• WHAT TO PRODUCE:
Print exactly the lines below between the line containing "С 16 апреля" and the line containing "HANSGROHE Podomítková jednopáková", counting both of those lines. Leave pictures out.

(DATA RECORDS Opens)

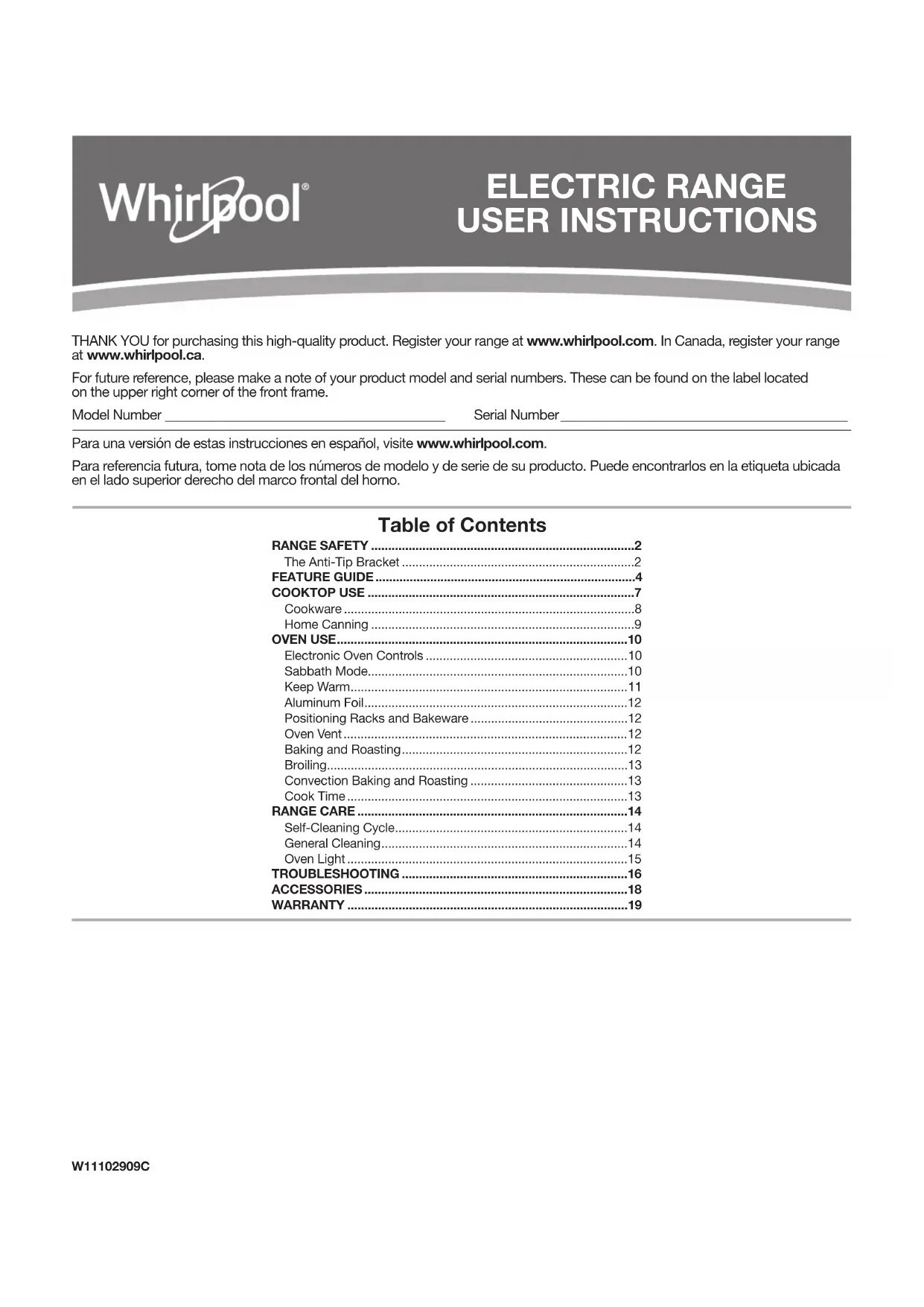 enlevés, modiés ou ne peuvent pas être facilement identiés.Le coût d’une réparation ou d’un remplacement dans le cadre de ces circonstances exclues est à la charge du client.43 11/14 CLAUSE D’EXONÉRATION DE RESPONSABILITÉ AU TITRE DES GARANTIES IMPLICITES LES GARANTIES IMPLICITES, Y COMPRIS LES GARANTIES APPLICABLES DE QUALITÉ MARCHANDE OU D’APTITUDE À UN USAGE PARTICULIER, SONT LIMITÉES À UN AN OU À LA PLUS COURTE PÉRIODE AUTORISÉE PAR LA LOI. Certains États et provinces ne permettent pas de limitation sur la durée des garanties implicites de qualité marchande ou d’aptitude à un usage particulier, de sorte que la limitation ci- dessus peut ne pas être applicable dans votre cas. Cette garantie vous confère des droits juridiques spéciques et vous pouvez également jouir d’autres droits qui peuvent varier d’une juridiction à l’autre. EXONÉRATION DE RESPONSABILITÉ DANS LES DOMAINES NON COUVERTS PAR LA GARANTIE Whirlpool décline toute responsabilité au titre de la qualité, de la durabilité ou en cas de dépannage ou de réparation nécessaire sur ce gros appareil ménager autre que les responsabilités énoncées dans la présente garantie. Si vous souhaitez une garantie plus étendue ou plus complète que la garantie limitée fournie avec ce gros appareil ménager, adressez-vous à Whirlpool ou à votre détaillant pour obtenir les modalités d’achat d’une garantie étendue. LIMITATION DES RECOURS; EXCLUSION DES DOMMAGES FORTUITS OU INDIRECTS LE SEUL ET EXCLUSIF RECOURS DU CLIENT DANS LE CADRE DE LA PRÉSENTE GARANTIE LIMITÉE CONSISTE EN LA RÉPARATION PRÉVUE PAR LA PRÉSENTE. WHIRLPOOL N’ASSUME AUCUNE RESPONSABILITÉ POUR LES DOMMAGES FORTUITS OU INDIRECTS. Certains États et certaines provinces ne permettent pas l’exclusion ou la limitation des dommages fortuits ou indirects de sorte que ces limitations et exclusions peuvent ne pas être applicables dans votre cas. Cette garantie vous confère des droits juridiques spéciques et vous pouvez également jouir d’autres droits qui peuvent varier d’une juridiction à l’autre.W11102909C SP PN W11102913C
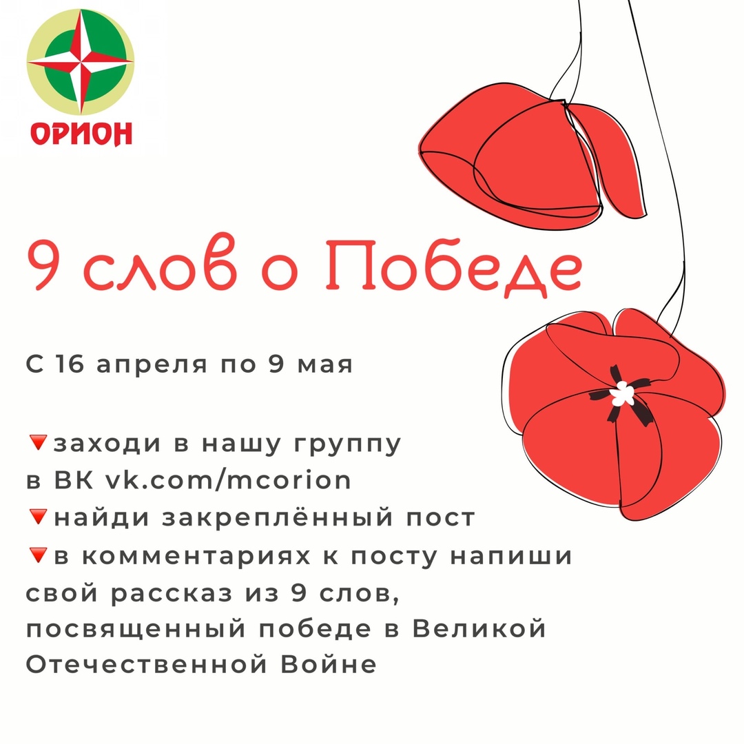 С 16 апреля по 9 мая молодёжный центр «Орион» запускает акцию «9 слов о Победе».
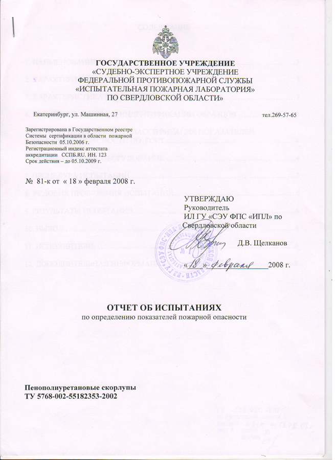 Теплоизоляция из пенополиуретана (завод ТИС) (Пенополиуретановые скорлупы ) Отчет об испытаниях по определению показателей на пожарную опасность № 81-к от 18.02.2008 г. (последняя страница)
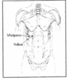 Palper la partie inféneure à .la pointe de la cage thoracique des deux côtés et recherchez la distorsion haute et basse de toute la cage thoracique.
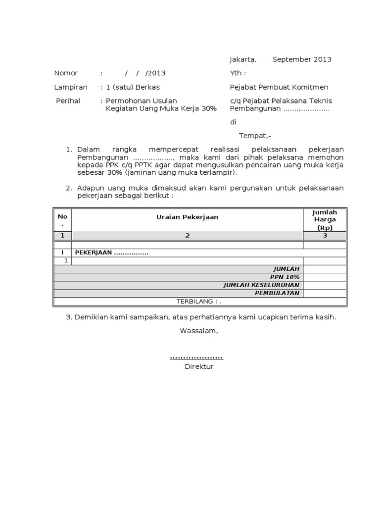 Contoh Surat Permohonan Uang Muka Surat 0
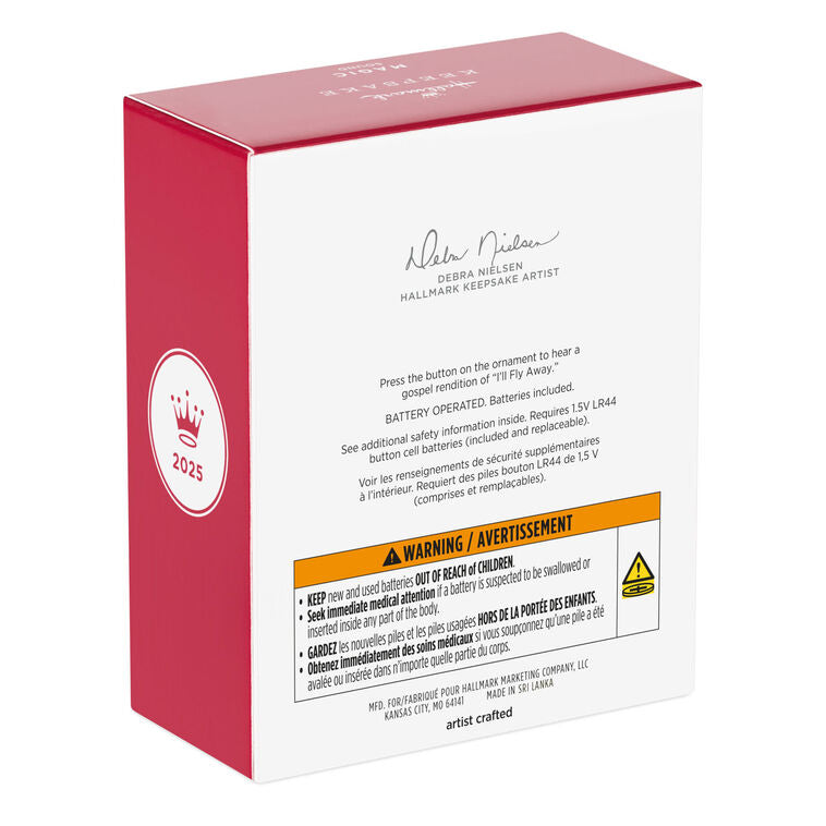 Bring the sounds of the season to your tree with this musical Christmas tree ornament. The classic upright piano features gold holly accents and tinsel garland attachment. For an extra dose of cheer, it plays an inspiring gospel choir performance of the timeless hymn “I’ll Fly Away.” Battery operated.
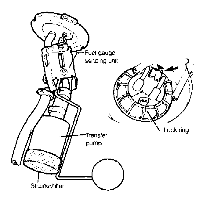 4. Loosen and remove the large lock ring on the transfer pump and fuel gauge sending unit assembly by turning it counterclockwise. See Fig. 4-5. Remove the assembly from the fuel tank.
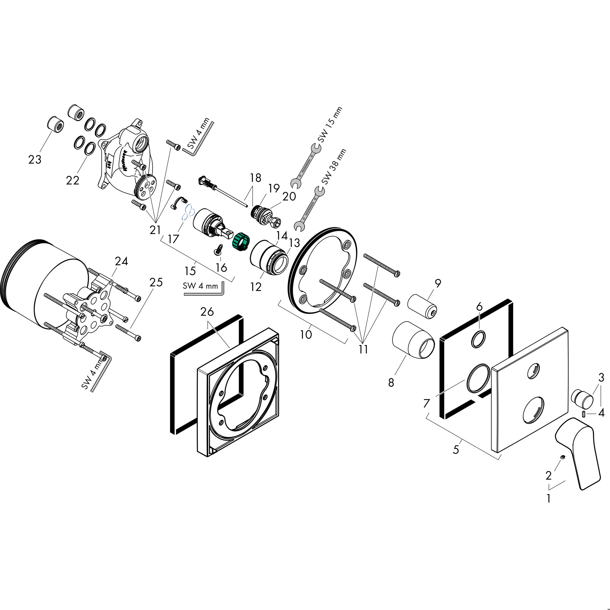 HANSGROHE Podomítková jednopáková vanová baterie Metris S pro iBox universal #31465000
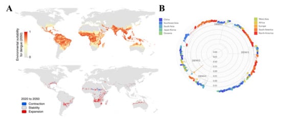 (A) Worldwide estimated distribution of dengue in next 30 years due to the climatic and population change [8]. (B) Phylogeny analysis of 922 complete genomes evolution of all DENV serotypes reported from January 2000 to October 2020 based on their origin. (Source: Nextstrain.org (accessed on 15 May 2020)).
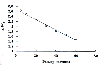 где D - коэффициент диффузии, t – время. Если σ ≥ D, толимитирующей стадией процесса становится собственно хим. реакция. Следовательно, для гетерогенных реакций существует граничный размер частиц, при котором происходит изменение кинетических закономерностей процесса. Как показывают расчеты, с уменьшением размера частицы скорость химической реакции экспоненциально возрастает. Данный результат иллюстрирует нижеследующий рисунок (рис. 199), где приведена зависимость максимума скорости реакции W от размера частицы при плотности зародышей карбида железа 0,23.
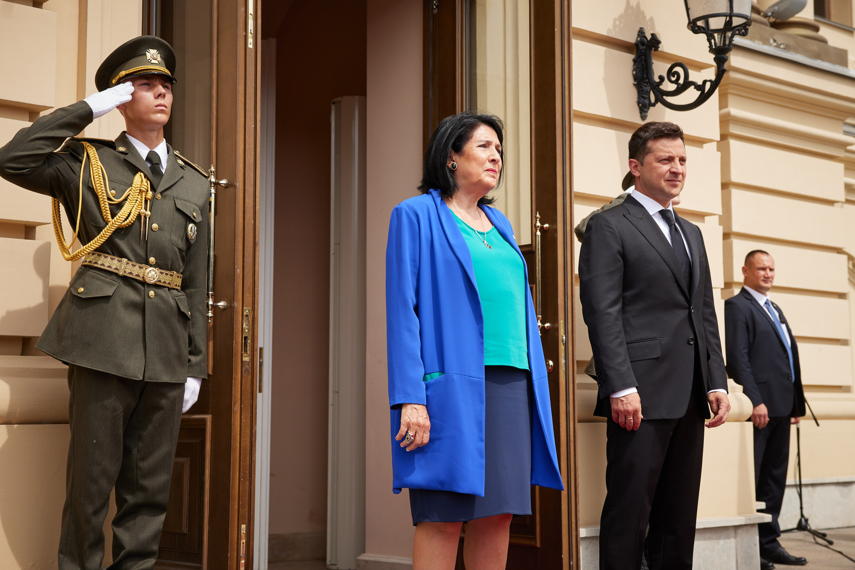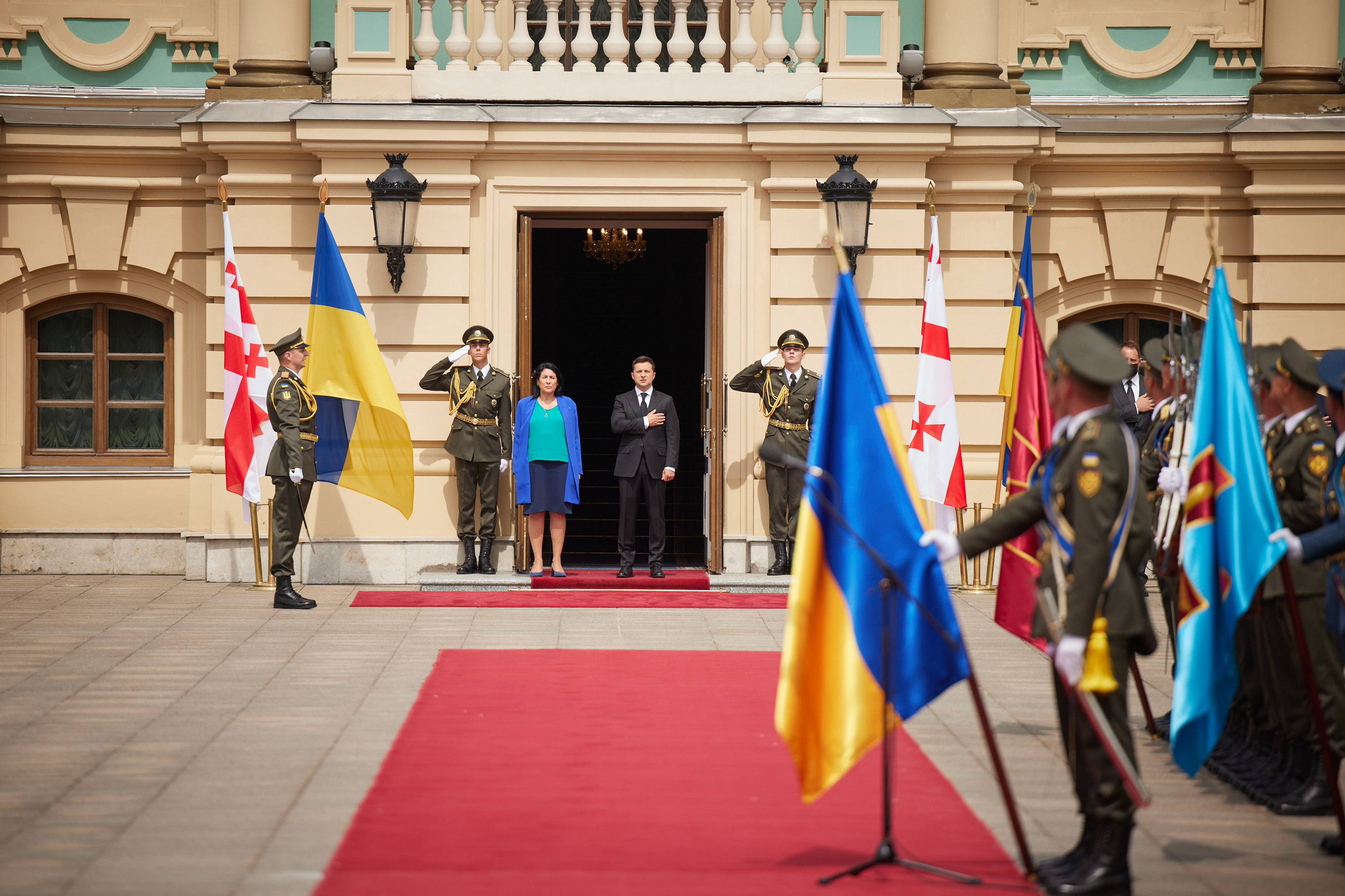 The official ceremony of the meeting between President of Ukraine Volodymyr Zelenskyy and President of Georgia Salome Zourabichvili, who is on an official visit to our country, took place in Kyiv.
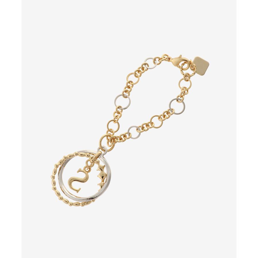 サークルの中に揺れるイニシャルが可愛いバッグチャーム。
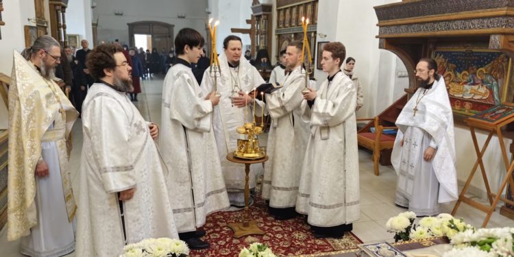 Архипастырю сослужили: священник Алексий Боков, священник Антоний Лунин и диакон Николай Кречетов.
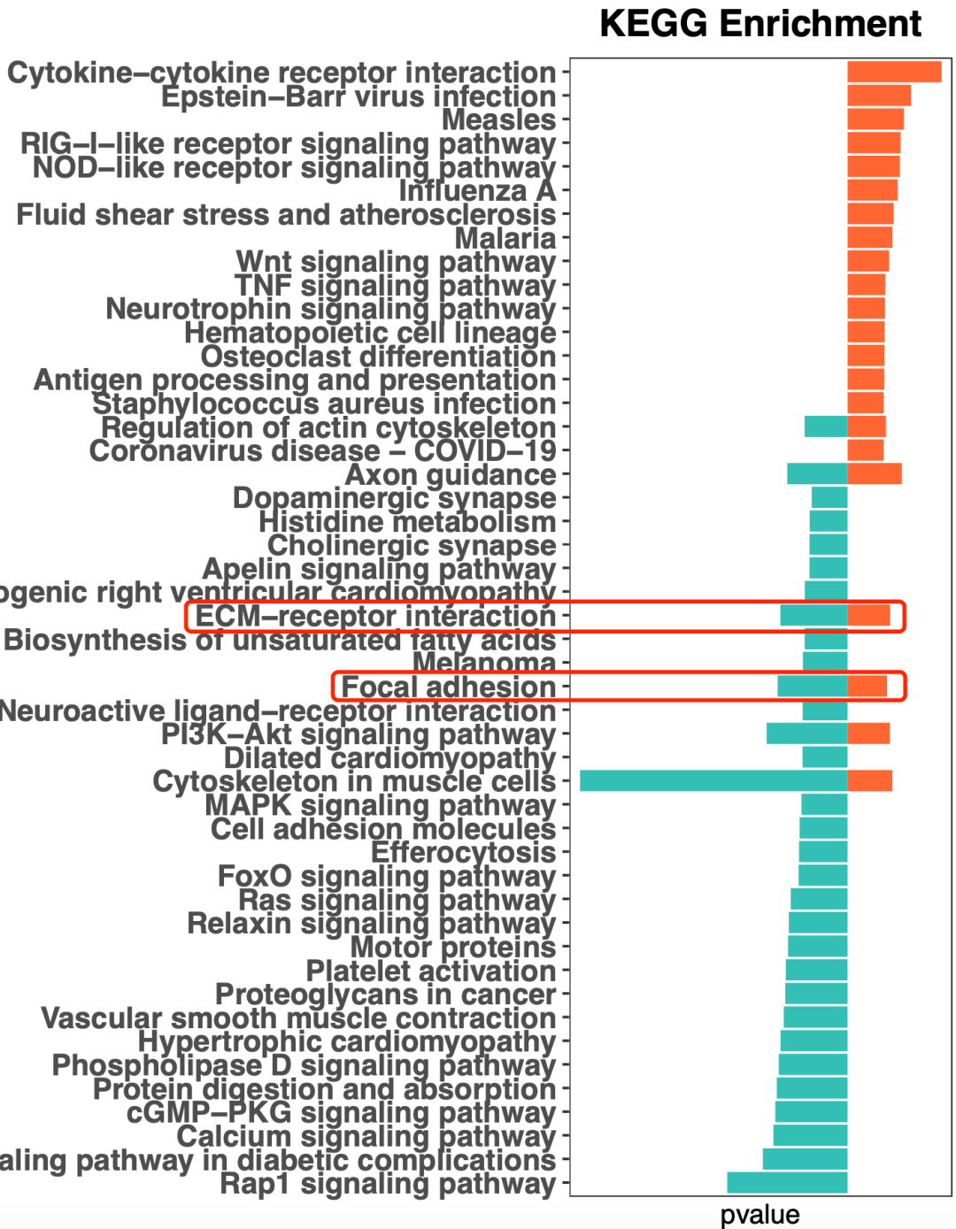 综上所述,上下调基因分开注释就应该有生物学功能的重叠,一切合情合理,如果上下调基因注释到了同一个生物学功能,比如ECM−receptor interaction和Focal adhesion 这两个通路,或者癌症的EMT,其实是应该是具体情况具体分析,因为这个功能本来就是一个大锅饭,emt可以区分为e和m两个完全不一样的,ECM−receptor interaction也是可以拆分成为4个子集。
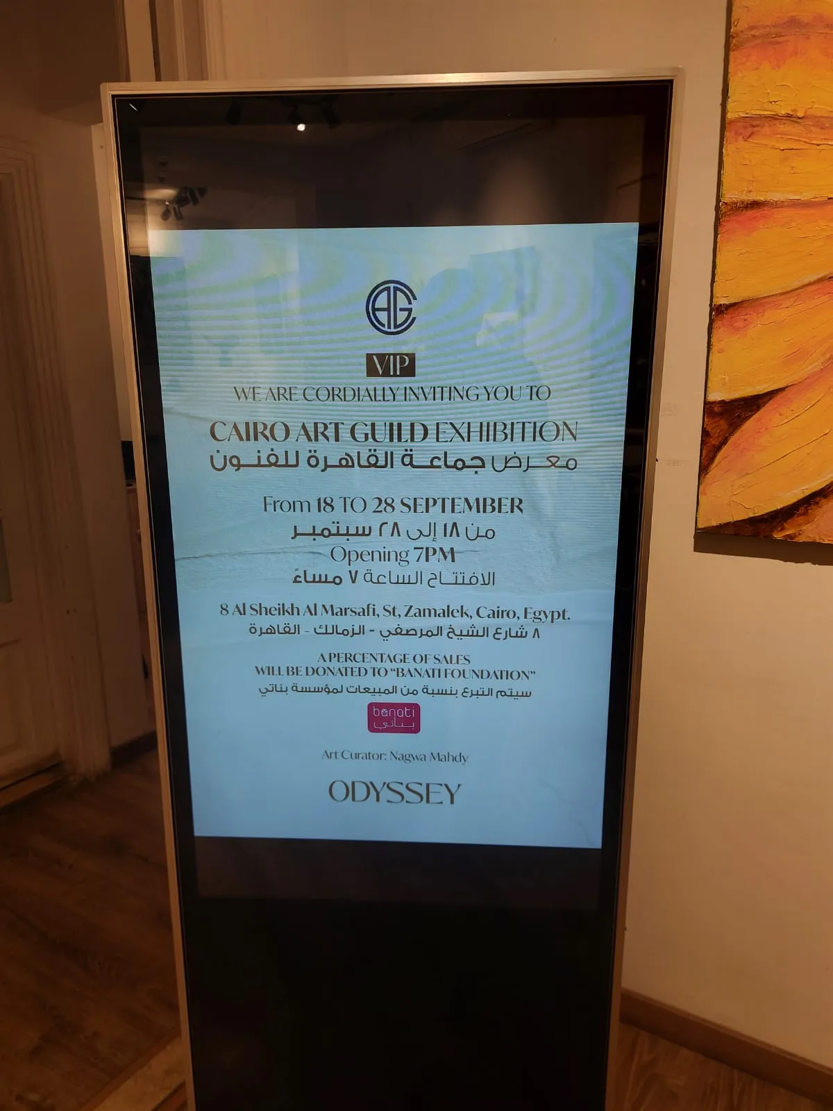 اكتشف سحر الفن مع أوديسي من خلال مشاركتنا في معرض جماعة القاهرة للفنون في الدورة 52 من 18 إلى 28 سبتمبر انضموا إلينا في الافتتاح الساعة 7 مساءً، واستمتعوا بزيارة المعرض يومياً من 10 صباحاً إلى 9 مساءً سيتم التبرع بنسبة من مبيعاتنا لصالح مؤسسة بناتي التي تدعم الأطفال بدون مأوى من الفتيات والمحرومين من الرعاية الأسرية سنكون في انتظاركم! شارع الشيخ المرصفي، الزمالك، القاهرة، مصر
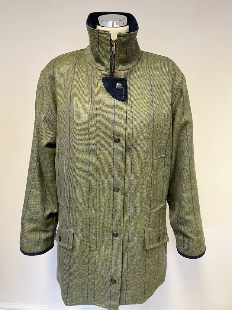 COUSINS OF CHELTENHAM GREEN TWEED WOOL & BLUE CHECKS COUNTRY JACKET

(DATA RECORDS Closes)

• YOUR SOLUTION:
 С 16 апреля по 9 мая молодёжный центр «Орион» запускает акцию «9 слов о Победе».
 Теплоизоляция из пенополиуретана (завод ТИС) (Пенополиуретановые скорлупы ) Отчет об испытаниях по определению показателей на пожарную опасность № 81-к от 18.02.2008 г. (последняя страница)
 Palper la partie inféneure à .la pointe de la cage thoracique des deux côtés et recherchez la distorsion haute et basse de toute la cage thoracique.
 Contoh Surat Permohonan Uang Muka Surat 0
 Bring the sounds of the season to your tree with this musical Christmas tree ornament. The classic upright piano features gold holly accents and tinsel garland attachment. For an extra dose of cheer, it plays an inspiring gospel choir performance of the timeless hymn “I’ll Fly Away.” Battery operated.
 4. Loosen and remove the large lock ring on the transfer pump and fuel gauge sending unit assembly by turning it counterclockwise. See Fig. 4-5. Remove the assembly from the fuel tank.
 HANSGROHE Podomítková jednopáková vanová baterie Metris S pro iBox universal #31465000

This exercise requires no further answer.